Weitere öffentliche Konzerte folgen im „Great Room“ in Spring Garden und im kleinen Haymarket-Theater. Ein Konzert am 5 Juli bringt der Familie stolze 100 Guineen ein. Die Mozarts bewegen sich während ihres Aufenthaltes in den höchsten Musikkreisen. Am 25. Oktober findet abermals ein Hofkonzert statt. Doch ein Rückgang des großen Erfolgs vom Frühjahr des selben Jahres machte sich bereits bemerkbar. Politische Unstimmigkeiten drücken auch auf das Musikleben.

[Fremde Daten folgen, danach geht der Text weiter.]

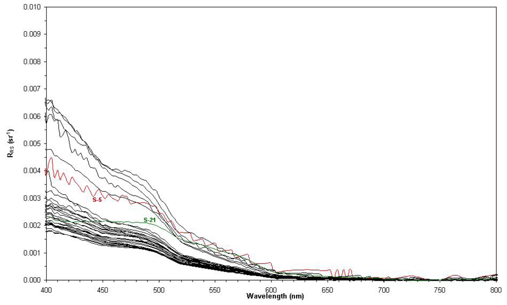 The spectral distributions of RRS measured at 30 stations are shown on Figure 5. In general, all the spectra are typical of Case 1 oceanic and oligotrophic waters with low chlorophyll concentrations. The noise observed at station S-5 (red on Figure 5) was due to the low light level at the time of data acquisition. The different shape of the spectrum at station S-21 corresponds to more coastal waters (green on Figure 5), with relatively higher chlorophyll concentration (0.54 mg/m3 OC3M) and with the probable presence of other optically active components.

Leopold Mozart will aber noch nicht aufgeben. Die Verdienstmöglichkeit in England reizen ihn sehr. So kommt er auf den absurden Gedanken, das Publikum für ein weiteres Konzert zu sich nach Hause zu laden und kündete diese Idee groß an. (Link) Doch so überschwänglich die Begeisterung für die Kinder auch war, so finden sich dennoch einige Skeptiker unter den Musikbegeisterten, die die Fähigkeiten besonders des kleinen Jungen anzweifeln.

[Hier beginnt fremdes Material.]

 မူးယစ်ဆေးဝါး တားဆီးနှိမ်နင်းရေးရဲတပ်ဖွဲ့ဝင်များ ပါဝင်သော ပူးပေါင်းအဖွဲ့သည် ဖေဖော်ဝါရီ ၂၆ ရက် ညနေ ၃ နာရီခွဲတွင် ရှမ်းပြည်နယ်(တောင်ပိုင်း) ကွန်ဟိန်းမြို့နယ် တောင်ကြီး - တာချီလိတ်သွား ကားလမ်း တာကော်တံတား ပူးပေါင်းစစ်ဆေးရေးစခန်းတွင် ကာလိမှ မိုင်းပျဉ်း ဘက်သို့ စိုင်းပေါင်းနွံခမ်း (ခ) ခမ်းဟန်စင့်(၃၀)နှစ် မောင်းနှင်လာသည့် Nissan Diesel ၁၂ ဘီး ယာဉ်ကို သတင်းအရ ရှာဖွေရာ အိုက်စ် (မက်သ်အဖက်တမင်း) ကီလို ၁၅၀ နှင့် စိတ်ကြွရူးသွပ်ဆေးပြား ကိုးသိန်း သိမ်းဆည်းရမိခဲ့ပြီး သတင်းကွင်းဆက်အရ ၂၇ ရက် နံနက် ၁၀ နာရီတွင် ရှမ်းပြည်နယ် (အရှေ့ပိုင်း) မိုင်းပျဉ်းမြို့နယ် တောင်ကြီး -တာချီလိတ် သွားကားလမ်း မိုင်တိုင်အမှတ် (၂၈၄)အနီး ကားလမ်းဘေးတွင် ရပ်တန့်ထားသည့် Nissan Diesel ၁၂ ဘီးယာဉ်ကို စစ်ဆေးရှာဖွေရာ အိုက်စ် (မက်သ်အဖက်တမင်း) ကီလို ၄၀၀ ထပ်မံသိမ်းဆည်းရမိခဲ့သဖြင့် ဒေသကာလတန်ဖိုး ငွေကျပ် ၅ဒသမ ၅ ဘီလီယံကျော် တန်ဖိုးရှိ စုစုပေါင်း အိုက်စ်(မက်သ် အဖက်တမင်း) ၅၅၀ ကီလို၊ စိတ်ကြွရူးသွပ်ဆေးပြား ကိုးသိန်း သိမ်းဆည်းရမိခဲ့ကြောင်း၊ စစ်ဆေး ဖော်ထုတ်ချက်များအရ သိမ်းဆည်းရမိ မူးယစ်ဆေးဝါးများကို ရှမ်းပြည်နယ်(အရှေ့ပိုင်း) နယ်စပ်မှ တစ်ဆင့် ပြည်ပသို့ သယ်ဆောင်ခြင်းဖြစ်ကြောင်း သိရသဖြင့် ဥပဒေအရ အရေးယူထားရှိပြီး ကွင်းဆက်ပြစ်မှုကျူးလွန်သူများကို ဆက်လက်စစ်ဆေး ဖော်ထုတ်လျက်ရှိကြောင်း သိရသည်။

Ein wertvolles Zeugnis über Wolfgangs Fähigkeiten im Improvisieren ist als Dokument im „Philosophical Transactions“ der Royal Society, Band 40, Jahrgang 1770 erhalten, geprüft von Daines Barrington, einem Rechtsgelehrten, Richter und Naturforscher. Daines Barrington nimmt Leopold Mozarts Behauptungen über seinen Sohn genauer unter die Lupe und läßt sich vom Grafen Haslang eine Abschrift des Geburtenbuches von Wolfgang Amadeus beschaffen. Leopold Mozart bietet Barrington an, seinen Sohn doch im privaten Rahmen zu mustern. W. A. Mozart ist zu dieser Zeit gerade 8 1/2 Jahre alt. Das Zeugnis erbringt er im Juni 1765. Leopold kam diese Prüfung sehr gelegen, da er mit der äußerst positiven Beurteilung beim Britischen Museum vorsprechen kann und diesem ein Manuskript überreicht, das die erste Vokalkomposition, die vierstimmige Motette „God is our Refuge“ KV 20, enthält. Wolfgang hat sie im barocken Stil der anglikanischen Kirchenmusik geschrieben. Außerdem läßt Leopold Mozart nun mit Stolz die sechs Sonaten für Klavier und Violine KV 10 bis 15 als „Opus 3“veröffentlichen, die der Knabe der Königin Charlotte widmete. Die Königin bezahlte dafür den stolzen Preis von 50 Guineen.
Der kurze Aufenthalt in London verlängert sich auf 18 Monate. Das Angebot an musikalischen Attraktionen ist zu vielfältig. Doch die Pflicht aus Salzburg ruft. Der geduldige Erzbischof Schrattenbach forderte eine baldige Heimkehr.
Am 24 Juli 1765 verläßt die Familie Mozart London, verbringt einen Tag in Canterbury und folgt dann einer Einladung von Sir Horace Manns, wo sie für eine Woche bleiben.